Work task
Beginning with the line containing "10月下旬,因光伏產(chǎ" and ending with the line containing "Тренажер состоит из", write out each line of the records below exactly; pictures and lines outside that range are left out.

Information supplied
--*--

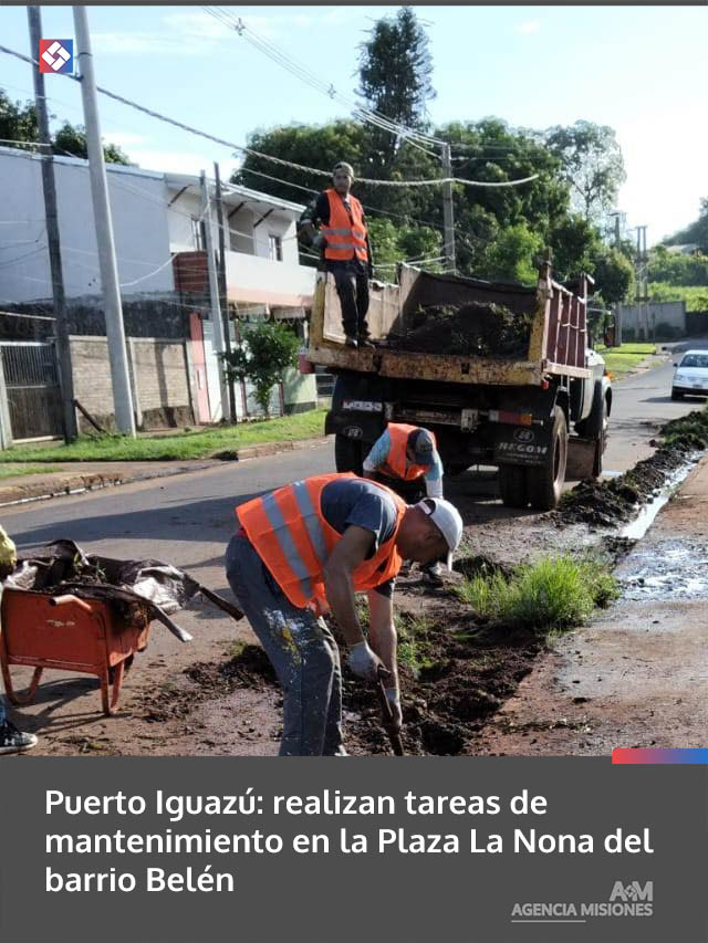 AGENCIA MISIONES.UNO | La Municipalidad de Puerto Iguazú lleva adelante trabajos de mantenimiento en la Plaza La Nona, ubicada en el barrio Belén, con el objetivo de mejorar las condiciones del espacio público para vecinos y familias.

--*--

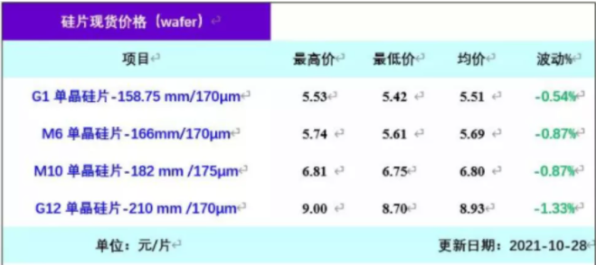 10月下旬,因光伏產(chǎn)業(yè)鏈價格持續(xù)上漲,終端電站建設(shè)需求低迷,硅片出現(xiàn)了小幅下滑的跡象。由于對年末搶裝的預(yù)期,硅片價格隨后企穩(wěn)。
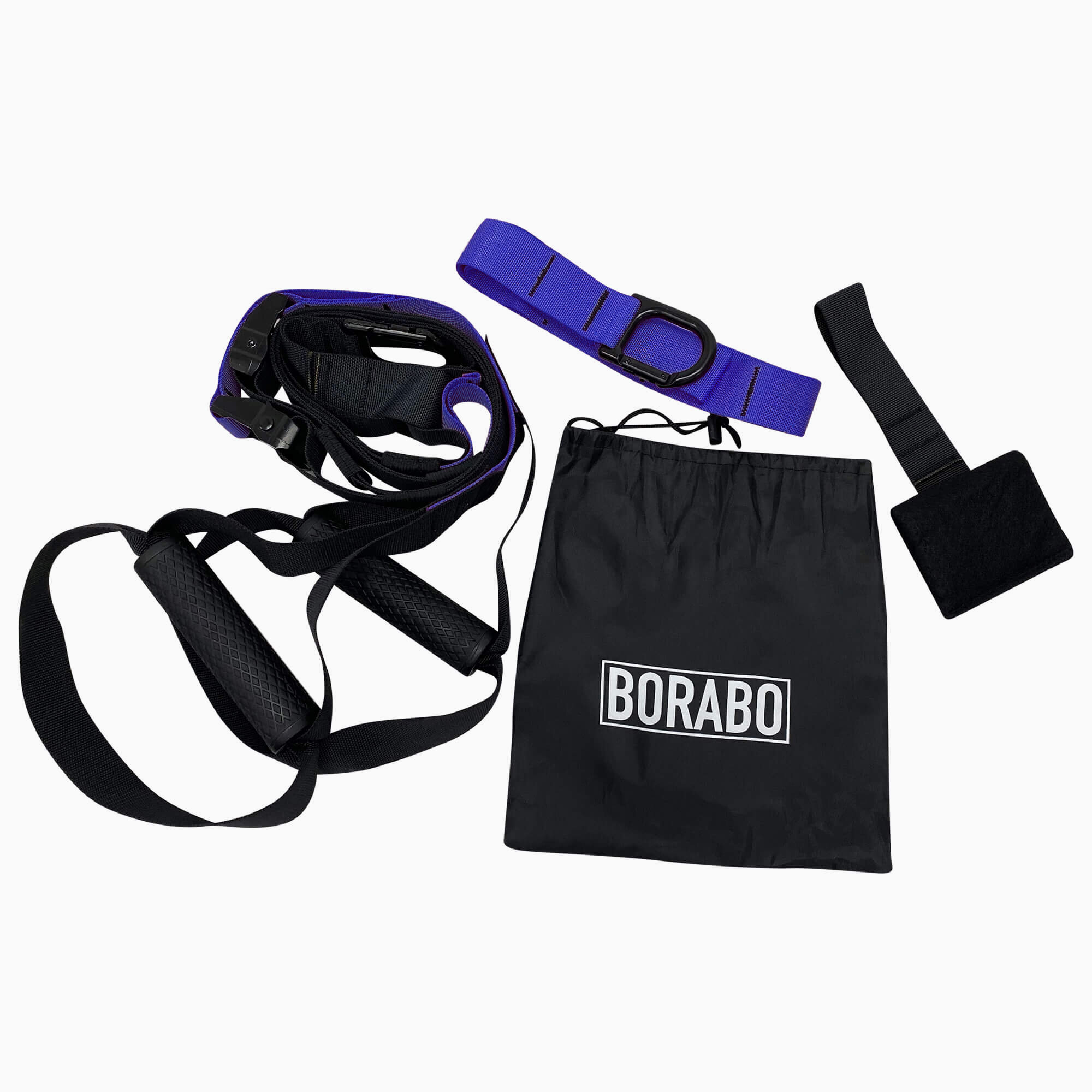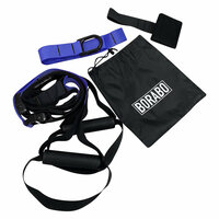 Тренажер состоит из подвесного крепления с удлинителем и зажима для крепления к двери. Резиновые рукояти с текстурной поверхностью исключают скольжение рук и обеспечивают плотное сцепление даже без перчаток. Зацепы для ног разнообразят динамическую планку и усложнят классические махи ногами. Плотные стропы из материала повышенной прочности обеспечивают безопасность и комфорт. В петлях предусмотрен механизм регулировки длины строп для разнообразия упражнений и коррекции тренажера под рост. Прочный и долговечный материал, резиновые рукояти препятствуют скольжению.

--*--

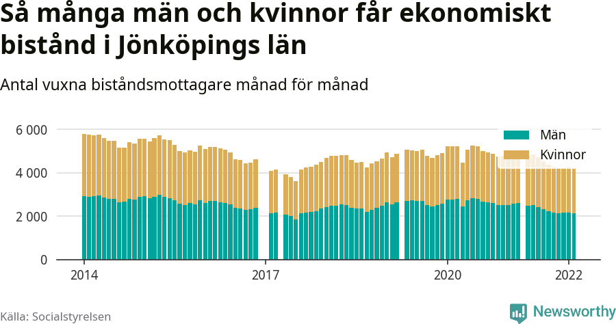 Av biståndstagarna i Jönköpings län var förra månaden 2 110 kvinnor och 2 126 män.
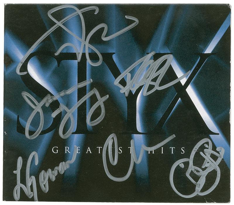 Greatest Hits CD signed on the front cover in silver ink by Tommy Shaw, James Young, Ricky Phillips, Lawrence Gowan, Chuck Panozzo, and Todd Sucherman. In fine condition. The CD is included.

--*--

Finished exercise
 10月下旬,因光伏產(chǎn)業(yè)鏈價格持續(xù)上漲,終端電站建設(shè)需求低迷,硅片出現(xiàn)了小幅下滑的跡象。由于對年末搶裝的預(yù)期,硅片價格隨后企穩(wěn)。
 Тренажер состоит из подвесного крепления с удлинителем и зажима для крепления к двери. Резиновые рукояти с текстурной поверхностью исключают скольжение рук и обеспечивают плотное сцепление даже без перчаток. Зацепы для ног разнообразят динамическую планку и усложнят классические махи ногами. Плотные стропы из материала повышенной прочности обеспечивают безопасность и комфорт. В петлях предусмотрен механизм регулировки длины строп для разнообразия упражнений и коррекции тренажера под рост. Прочный и долговечный материал, резиновые рукояти препятствуют скольжению.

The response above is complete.